The Edge of understanding AI
Before we can begin to understand AI, we need to learn about the edge. A lot of people have never heard of the edge, but in truth it's a bit like the chicken and the egg - you can’t have one without the other. For clarity, the ‘edge’ we are talking about involves the device on which you’re reading this article.
For example If server farms are at the centre, then individual connected devices, such as the smartphone in your hand, the IoT devices in your kitchen, the self-checkout at your supermarket or perhaps even the car in your driveway, are out there on the ‘edge’. Any AI is only as clever or useful as its existence out there in the real world.
Data is the fuel
In the same way that knowledge feeds intelligence, AI’s lifeblood is data, harvested on the edge, out there in the real world. Data informs the learning and accuracy of an AI and the learning is down to the quantity and quality of the data gathered. But here’s the problem: the quantities are vast and far too big to be transferred in full from the edge to the central points (the server farms that form the cloud infrastructure) where they can be distilled into amazing, accurate, ever-adapting learning. Looking at Tesla, since it takes ten hours to upload the data of just an hour’s driving from a single car, we can safely assume that the company is only using a fraction of all the data being gathered by its fleet of four wheel edge devices.
The bottleneck is just too tight. Andy Jassy, CEO of Amazon Web Services (AWS), estimates that using conventional means of transferring data, it will take you 26 years to move an exabyte of data (that’s a billion GB) to the cloud. Companies as big as Walmart produce something like two exabytes a month. No wonder AWS has resorted to transporting data for their biggest customers via truck-sized memory sticks or ‘snowmobiles’. Yes, road and diesel are the fastest means of transporting the volumes of data currently fuelling the AI revolution. So if data is AI’s lifeblood, it’s being drip fed and starved.
Labelling
There’s another major kink in the AI supply chain: labelling. Much of the usefulness of AI is a machines’ ability to recognise the objects and situations in their environment. Environments change and most objects, even of the same category, are not identical. Automated supermarket checkouts, for example, need to be able to recognise one type of apple from another. A Braeburn apple may retail at 35 pence, whilst a Pink Lady, from the same store, costs 50 pence. If the two are confused by the self checkout’s camera system, the supermarket could lose a lot of money over time.

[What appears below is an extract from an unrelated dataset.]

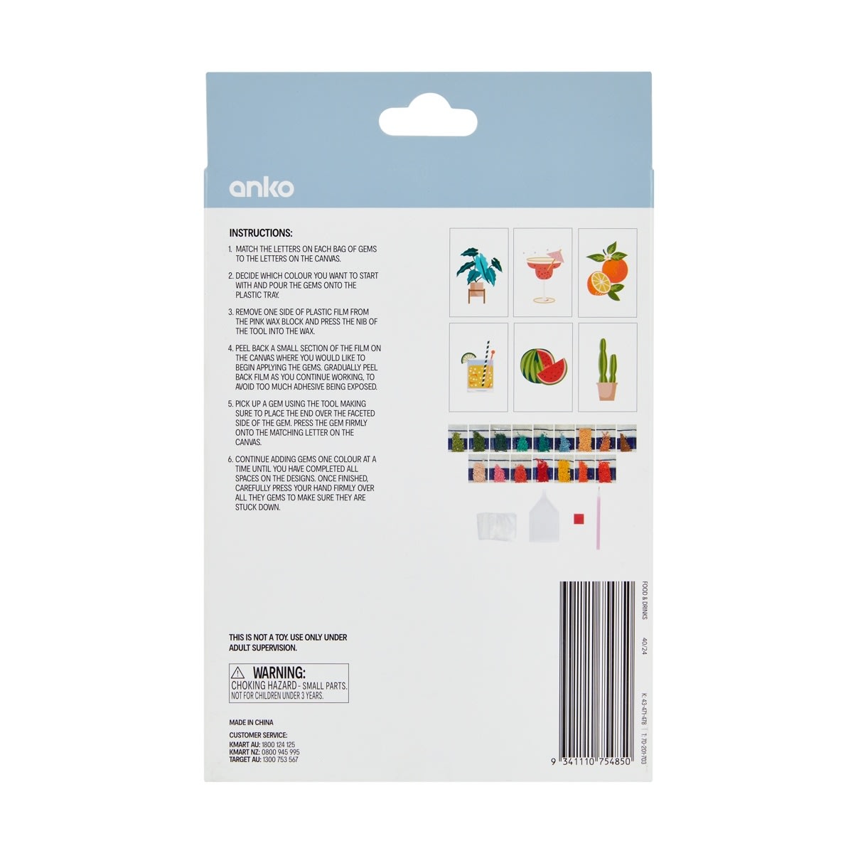 Includes 6 x canvas print design, 16 x coloured gems packs and tool set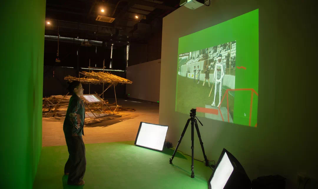 A visitor tries interactive installation “Training Pose.” Photo courtesy of OCT-LOFT

The problem is that the algorithms that underpin the technology are as naive as newborn babies and need to be fed millions of labelled examples to teach them to ‘see’. So how do these quantities of raw images get labelled? The answer is humans.

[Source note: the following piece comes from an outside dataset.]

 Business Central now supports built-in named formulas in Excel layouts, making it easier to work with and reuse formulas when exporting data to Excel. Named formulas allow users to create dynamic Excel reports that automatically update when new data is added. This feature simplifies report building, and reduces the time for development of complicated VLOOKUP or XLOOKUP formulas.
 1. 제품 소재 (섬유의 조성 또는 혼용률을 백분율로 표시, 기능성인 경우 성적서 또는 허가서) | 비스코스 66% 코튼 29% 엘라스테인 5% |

Intelligence doesn’t just come out of thin air, it has to start with the human brain and hundreds of thousands of them are employed in call centre-like offices for just this task. For a self-driving car algorithm to be taught the meaning of road signs, or to tell the difference between a child and a dog, hours of footage have to be watched and objects labelled, frame by frame.
Labelling at the edge
Food shoppers can inadvertently do the labelling job themselves by confirming, on a touch screen, the identity of the fruit or vegetable they just placed in front of a self-checkout’s camera. The machine’s algorithms suck up the shoppers’ collective recognition until they can do it for themselves.
It’s possible to accelerate this process away from the shop floor. We recently shipped in some self checkout machines and hired a team of people to scan a range of 30 fruits and vegetables, labelling each time. In just three weeks the checkout’s accuracy went from 60% to 99.8%. Accuracy, for supermarkets and for AI in general, is critical. You might remember this the first time you sit in a self-driving car. For supermarkets it means loss prevention running into billions of dollars.
However, the laborious issue of labelling tightens the bottleneck even further. A McKinsey report from 2018 listed it as the biggest obstacle to AI adoption within industry. The future therefore has to be a world where machines can teach themselves, doing away with the need for clouds and labellers altogether.
AI at the edge is quickly becoming the only way to run and train AI models. We need to ensure that AI processors are being taught correctly from the beginning.